• **YOUR TASK**:
Write out an exact copy of the line containing "前期生徒会執行部による「1学" and all lines that follow it in the data below, leaving out pictures.

• **COLLECTED DATA**:
☆ ☆ ☆ ☆
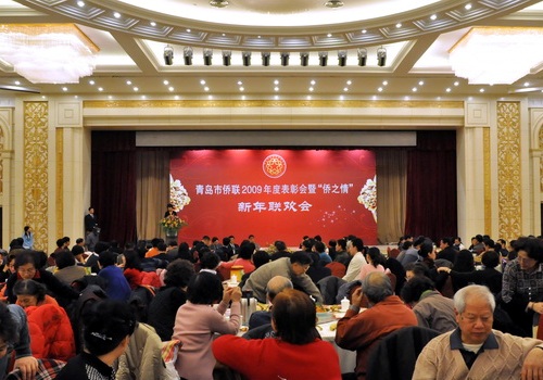 中新網(wǎng)1月20日電 據(jù)青島市僑聯(lián)消息,1月16日下午,山東省青島市僑聯(lián)在黃海飯店隆重舉辦了2009年度表彰會(huì)暨“僑之情”新年聯(lián)歡會(huì)。來(lái)自青島市各條戰(zhàn)線的400余名歸僑僑眷代表、駐青海外僑胞和僑聯(lián)工作者歡聚一堂,表彰先進(jìn),暢敘友情,喜迎新春。
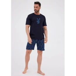 Pánske pyžamo pozostáva z trička s krátkymi rukávmi a okrúhlym výstrihom a krátkych šortiek. Tričko je tmavomodré a potlačené ikonickým logom králika Playboy. Vzdušné šortky sú vzorované opakujúcim sa motívom králika.
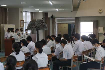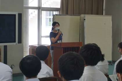 前期生徒会執行部による「1学期の振り返り及び2学期に向けて」が行われたあと、先生方から夏休みの過ごし方等についてお話がありました。
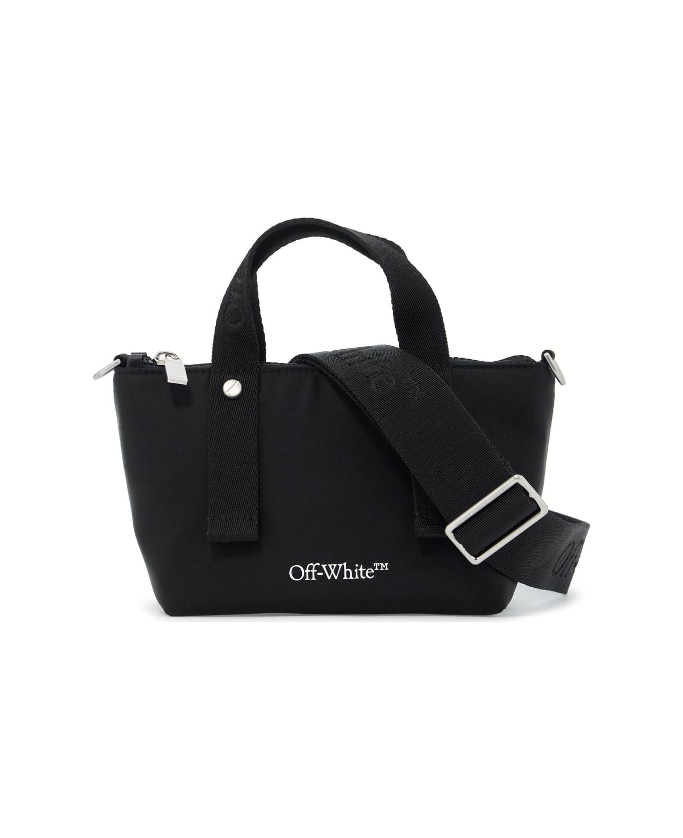 The Off-White Day Off mini tote bag is made of nylon with contrasting logo lettering and handles in woven tape with metal rivets. It features a zip closure, a lined interior with a leather card slot, and a removable and adjustable logotape shoulder strap. The metallic accessories have a steel finish.
☆ ☆ ☆ ☆
• **ANSWER BOX**:
 前期生徒会執行部による「1学期の振り返り及び2学期に向けて」が行われたあと、先生方から夏休みの過ごし方等についてお話がありました。
 The Off-White Day Off mini tote bag is made of nylon with contrasting logo lettering and handles in woven tape with metal rivets. It features a zip closure, a lined interior with a leather card slot, and a removable and adjustable logotape shoulder strap. The metallic accessories have a steel finish.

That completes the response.